Aside from blockbuster deals and major product/service announcements, big stories in telecom and tech sectors tend to be about rules-the ones made and re-made by regulators, lawmakers and the courts. It’s about who wins, who loses and folks just trying to get a fair advantage over their competitors.

But ever since the late ’90s tech bust and subsequent revelations of corruption throughout the business food chain-from corporate board rooms to Wall Street-it seems no proposed rule or piece of legislation could be as important as the one now seeking to restore investor confidence by keeping business and the financial community honest. That would be the corporate governance bill penned by Sen. Paul Sarbanes (D-Md.) and Rep. Michael Oxley (R-Ohio).

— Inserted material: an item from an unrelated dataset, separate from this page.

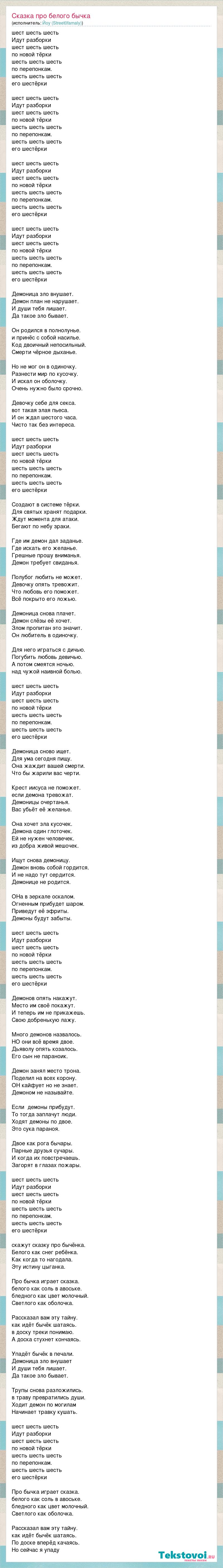 шест шесть шесть Идут разборки шест шесть шесть по новой тёрки шесть шесть шесть по перепонкам. шесть шесть шесть его шестёрки шест шесть шесть Идут разборки шест шесть шесть по новой тёрки шесть шесть шесть по перепонкам. шесть шесть шесть его шестёрки шест шесть шесть Идут разборки шест шесть шесть по новой тёрки шесть шесть шесть по перепонкам. шесть шесть шесть его шестёрки шест шесть шесть Идут разборки шест шесть шесть по новой тёрки шесть шесть шесть по перепонкам. шесть шесть шесть его шестёрки Демоница зло внушает. Демон план не нарушает. И души тебя лишает. Да такое зло бывает. Он родился в полнолунье. и принёс с собой насилье. Код двоичный непосильный. Смерти чёрное дыханье. Но не мог он в одиночку. Разнести мир по кусочку. И искал он оболочку. Очень нужно было срочно. Девочку себе для секса. вот такая злая пьеса. И он ждал шестого часа. Чисто так без интереса. шест шесть шесть Идут разборки шест шесть шесть по новой тёрки шесть шесть шесть по перепонкам. шесть шесть шесть его шестёрки Создают в системе тёрки. Для святых хранят подарки. Ждут момента для атаки. Бегают по небу зраки. Где им демон дал заданье. Где искать его желанье. Грешные прошу вниманья. Демон требует свиданья. Полубог любить не может. Девочку опять тревожит. Что любовь его поможет. Всё покрыто его ложью. Демоница снова плачет. Демон слёзы её хочет. Злом пропитан это значит. Он любитель в одиночку. Для него играться с дичью. Погубить любовь девичью. А потом смеятся ночью. над чужой наивной болью. шест шесть шесть Идут разборки шест шесть шесть по новой тёрки шесть шесть шесть по перепонкам. шесть шесть шесть его шестёрки Демоница сново ищет. Для ума сегодня пищу. Она жаждит вашей смерти. Что бы жарили вас черти. Крест иисуса не поможет. если демона тревожат. Демоницы очертанья. Вас убьёт её желанье. Она хочет зла кусочек. Демона один глоточек. Ей не нужен человечек. из добра живой мешочек. Ищут снова демоницу. Демон вновь собой гордится. И не надо тут сердится. Демонице не родится. ОНа в зеркале оскалом. Огненным прибудет шаром. Приведут её эфриты. Демоны будут забыты. шест шесть шесть Идут разборки шест шесть шесть по новой тёрки шесть шесть шесть по перепонкам. шесть шесть шесть его шестёрки Демонов опять накажут. Место им своё покажут. И теперь им не прикажешь. Свою добренькую лажу. Много демонов назвалось. НО они всё время двое. Дьяволу опять козалось. Его сын не параноик. Демон занял место трона. Поделил на всех корону. ОН кайфует но не знает. Демоном не называйте. Если демоны прибудут. То тогда заплачут люди. Ходят демоны по двое. Это сука параноя. Двое как рога бычары. Парные друзья сучары. И когда их повстречаешь. Загорят в глазах пожары. шест шесть шесть Идут разборки шест шесть шесть по новой тёрки шесть шесть шесть по перепонкам. шесть шесть шесть его шестёрки скажут сказку про бычёнка. Белого как снег ребёнка. Как когда то нагодала. Эту истину цыганка. Про бычка играет сказка. белого как соль в авоське. бледного как цвет молочный. Светлого как оболочка. Рассказал вам эту тайну. как идёт бычёк шатаясь. в доску треки понимаю. А доска стухнет кончаясь. Упадёт бычёк в печали. Демоница зло внушает И души тебя лишает. Да такое зло бывает. Трупы снова разложились. в траву превратились души. Ходит демон по могилам Начинает травку кушать. шест шесть шесть Идут разборки шест шесть 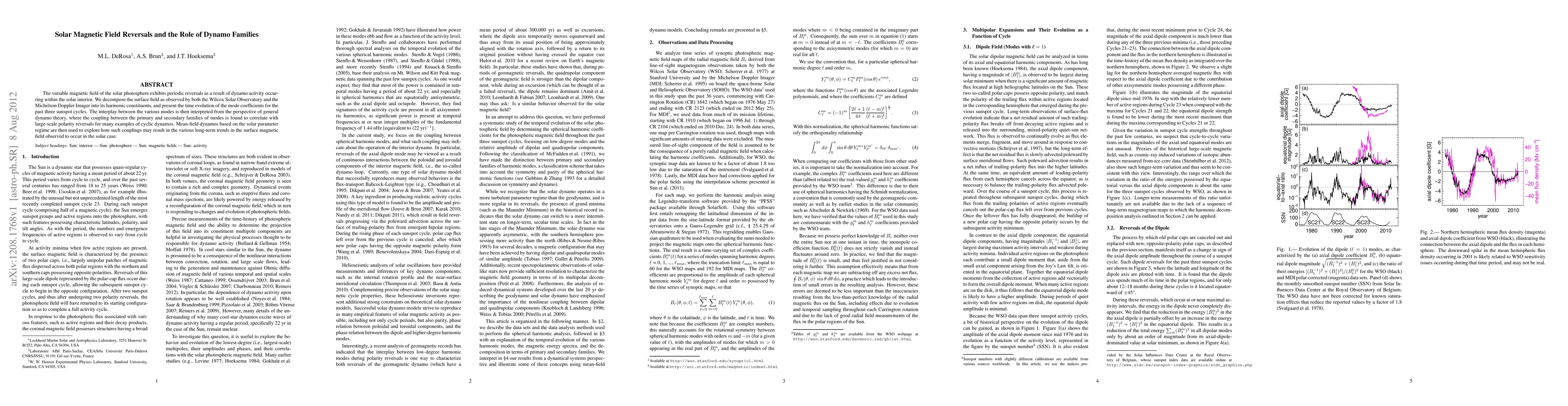 The variable magnetic field of the solar photosphere exhibits periodic reversals as a result of dynamo activity occurring within the solar interior. We decompose the surface field as observed by both the Wilcox Solar Observatory and the Michelson Doppler Imager into its harmonic constituents, and present the time evolution of the mode coefficients for the past three sunspot cycles. The interplay between the various modes is then interpreted from the perspective of general dynamo theory, where the coupling between the primary and secondary families of modes is found to correlate with large-scale polarity reversals for many examples of cyclic dynamos. Mean-field dynamos based on the solar parameter regime are then used to explore how such couplings may result in the various long-term trends in the surface magnetic field observed to occur in the solar case.

Sarbanes-Oxley doubles as tech policy, the best out there. This is especially true for national mobile-phone carriers with huge capital obligations. In the current environment, how important is a Federal Communications Commission rule or a congressional mandate for a company if investors do not trust its management, its accountants and Wall Street analysts who are supposed to objectively size it up? Forget about competitive; a firm that loses public trust is as good as dead. We’ve entered zero tolerance in Corporate America.

It has been a hard pill to swallow, but Sarbanes-Oxley appears to be changing corporate culture in ways that put a premium on responsibility and accountability. There is simply too much downside not to be on the up-and-up. Things have to add up. Now everyone’s watching, and no one is too big to fail. Not anymore. WorldCom Corp. got lucky.

With the democratization of the investor class, corporate governance is an issue of the masses affecting individuals in every congressional district on the map. Lawmakers, themselves vested in the market, are not afraid to go after the high and mighty. President Bush, whose re-election chances partly turn on whether the bulls return for real, has been forced to carry a big stick.

Bush is criticized for not having a visionary tech policy, as if a silver bullet exists to correct unprecedented speculation, graft and global uncertainty in the 9/11 aftermath. The administration’s lack of an official broadband plan is not the big to-do some suggest. Far worse was Bush’s sticking too long with former Securities and Exchange Commission Chairman Harvey Pitt. The error was not fatal. Pitt’s successor, William Donaldson, seemingly has the SEC headed in the right direction.

The government has saved industry from itself. For now. What happens after New York Attorney General Eliot Spitzer moves into the governor’s mansion in Albany is anybody’s guess.